• Exercise directions
An exact restatement of the entire listing is needed, excluding all images.

• Information provided

=-=-=-=-=

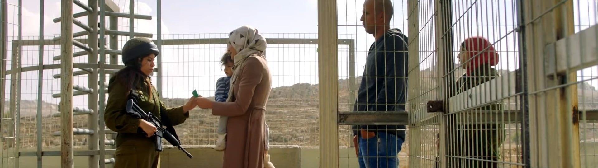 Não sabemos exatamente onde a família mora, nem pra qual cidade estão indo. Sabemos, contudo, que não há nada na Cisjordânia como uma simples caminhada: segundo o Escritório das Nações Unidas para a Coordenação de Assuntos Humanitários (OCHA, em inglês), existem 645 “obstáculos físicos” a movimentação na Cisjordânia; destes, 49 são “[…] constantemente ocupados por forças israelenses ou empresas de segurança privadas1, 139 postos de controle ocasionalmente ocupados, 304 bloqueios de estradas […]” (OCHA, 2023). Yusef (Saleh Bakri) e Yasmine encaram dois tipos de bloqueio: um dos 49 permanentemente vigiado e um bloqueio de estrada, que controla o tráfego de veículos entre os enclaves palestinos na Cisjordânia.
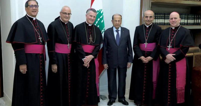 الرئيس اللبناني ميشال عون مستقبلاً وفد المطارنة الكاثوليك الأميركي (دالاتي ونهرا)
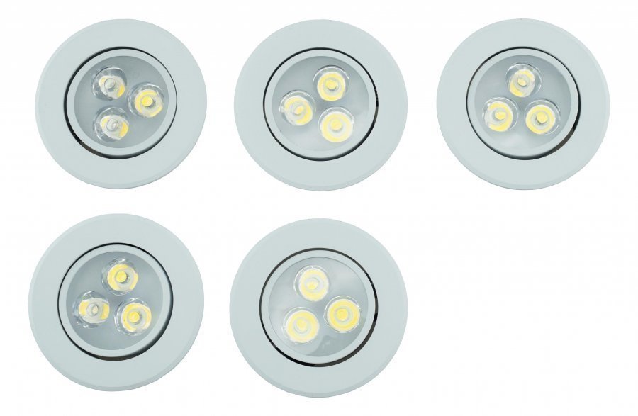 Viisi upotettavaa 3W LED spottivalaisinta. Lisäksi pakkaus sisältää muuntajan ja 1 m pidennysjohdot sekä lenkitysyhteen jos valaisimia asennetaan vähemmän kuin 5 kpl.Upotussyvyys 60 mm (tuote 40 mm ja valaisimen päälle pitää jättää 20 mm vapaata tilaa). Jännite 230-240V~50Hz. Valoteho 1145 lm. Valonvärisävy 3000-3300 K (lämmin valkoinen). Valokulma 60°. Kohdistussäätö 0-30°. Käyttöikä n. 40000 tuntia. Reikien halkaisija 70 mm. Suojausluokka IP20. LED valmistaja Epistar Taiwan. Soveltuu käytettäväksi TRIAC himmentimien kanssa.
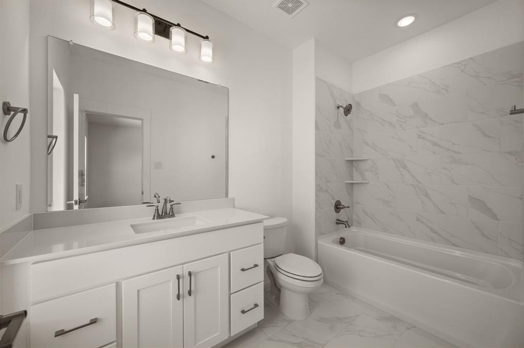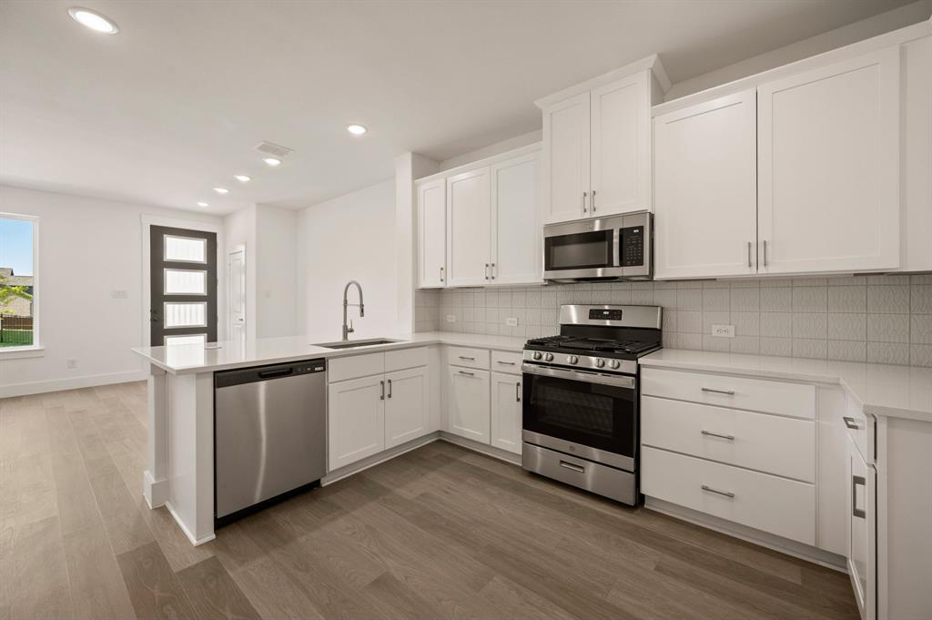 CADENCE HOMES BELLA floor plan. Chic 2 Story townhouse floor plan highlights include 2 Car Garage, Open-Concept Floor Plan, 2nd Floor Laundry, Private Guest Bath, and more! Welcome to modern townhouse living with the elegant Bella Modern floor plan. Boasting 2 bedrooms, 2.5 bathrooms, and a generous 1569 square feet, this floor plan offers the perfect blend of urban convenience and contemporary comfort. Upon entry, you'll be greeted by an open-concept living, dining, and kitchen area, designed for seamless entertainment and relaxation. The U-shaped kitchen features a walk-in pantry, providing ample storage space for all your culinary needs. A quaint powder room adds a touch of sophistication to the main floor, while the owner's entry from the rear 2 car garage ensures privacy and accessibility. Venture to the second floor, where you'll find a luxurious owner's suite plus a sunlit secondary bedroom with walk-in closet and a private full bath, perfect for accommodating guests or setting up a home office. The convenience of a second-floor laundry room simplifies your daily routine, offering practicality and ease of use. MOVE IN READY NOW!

=-=-=-=-=

• Exercise output
 Não sabemos exatamente onde a família mora, nem pra qual cidade estão indo. Sabemos, contudo, que não há nada na Cisjordânia como uma simples caminhada: segundo o Escritório das Nações Unidas para a Coordenação de Assuntos Humanitários (OCHA, em inglês), existem 645 “obstáculos físicos” a movimentação na Cisjordânia; destes, 49 são “[…] constantemente ocupados por forças israelenses ou empresas de segurança privadas1, 139 postos de controle ocasionalmente ocupados, 304 bloqueios de estradas […]” (OCHA, 2023). Yusef (Saleh Bakri) e Yasmine encaram dois tipos de bloqueio: um dos 49 permanentemente vigiado e um bloqueio de estrada, que controla o tráfego de veículos entre os enclaves palestinos na Cisjordânia.
 الرئيس اللبناني ميشال عون مستقبلاً وفد المطارنة الكاثوليك الأميركي (دالاتي ونهرا)
 Viisi upotettavaa 3W LED spottivalaisinta. Lisäksi pakkaus sisältää muuntajan ja 1 m pidennysjohdot sekä lenkitysyhteen jos valaisimia asennetaan vähemmän kuin 5 kpl.Upotussyvyys 60 mm (tuote 40 mm ja valaisimen päälle pitää jättää 20 mm vapaata tilaa). Jännite 230-240V~50Hz. Valoteho 1145 lm. Valonvärisävy 3000-3300 K (lämmin valkoinen). Valokulma 60°. Kohdistussäätö 0-30°. Käyttöikä n. 40000 tuntia. Reikien halkaisija 70 mm. Suojausluokka IP20. LED valmistaja Epistar Taiwan. Soveltuu käytettäväksi TRIAC himmentimien kanssa.
 CADENCE HOMES BELLA floor plan. Chic 2 Story townhouse floor plan highlights include 2 Car Garage, Open-Concept Floor Plan, 2nd Floor Laundry, Private Guest Bath, and more! Welcome to modern townhouse living with the elegant Bella Modern floor plan. Boasting 2 bedrooms, 2.5 bathrooms, and a generous 1569 square feet, this floor plan offers the perfect blend of urban convenience and contemporary comfort. Upon entry, you'll be greeted by an open-concept living, dining, and kitchen area, designed for seamless entertainment and relaxation. The U-shaped kitchen features a walk-in pantry, providing ample storage space for all your culinary needs. A quaint powder room adds a touch of sophistication to the main floor, while the owner's entry from the rear 2 car garage ensures privacy and accessibility. Venture to the second floor, where you'll find a luxurious owner's suite plus a sunlit secondary bedroom with walk-in closet and a private full bath, perfect for accommodating guests or setting up a home office. The convenience of a second-floor laundry room simplifies your daily routine, offering practicality and ease of use. MOVE IN READY NOW!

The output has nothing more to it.